*** GIVEN INFORMATION ***

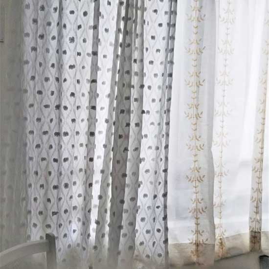 晴れている日、曇りの日、光の当たり具合によってカーテンの表情は変わるので、
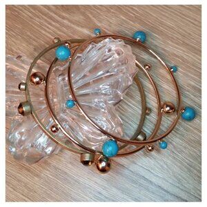 Bundle Lot Of 3 Gold Tone Bangle Bracelets Stackable Layering Boho Trendy
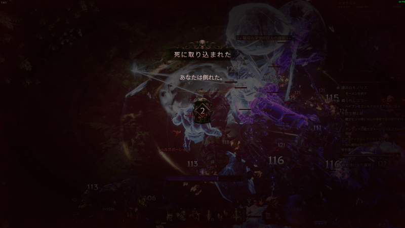 最低レベルの時間軸だったのですが、これだけ難易度がぶっ飛んでいて今シーズン初死。すごい勢いで毒やら何やらがスタックしていくし敵も固いし、難易度おかしくない?と正直思いました。

*** End of GIVEN INFORMATION ***

* WHAT THE TASK REQUIRES: Exact transcription of the full listing above is required; images do not belong in it.

* ANSWER TO THIS EXERCISE:
 晴れている日、曇りの日、光の当たり具合によってカーテンの表情は変わるので、
 Bundle Lot Of 3 Gold Tone Bangle Bracelets Stackable Layering Boho Trendy
 最低レベルの時間軸だったのですが、これだけ難易度がぶっ飛んでいて今シーズン初死。すごい勢いで毒やら何やらがスタックしていくし敵も固いし、難易度おかしくない?と正直思いました。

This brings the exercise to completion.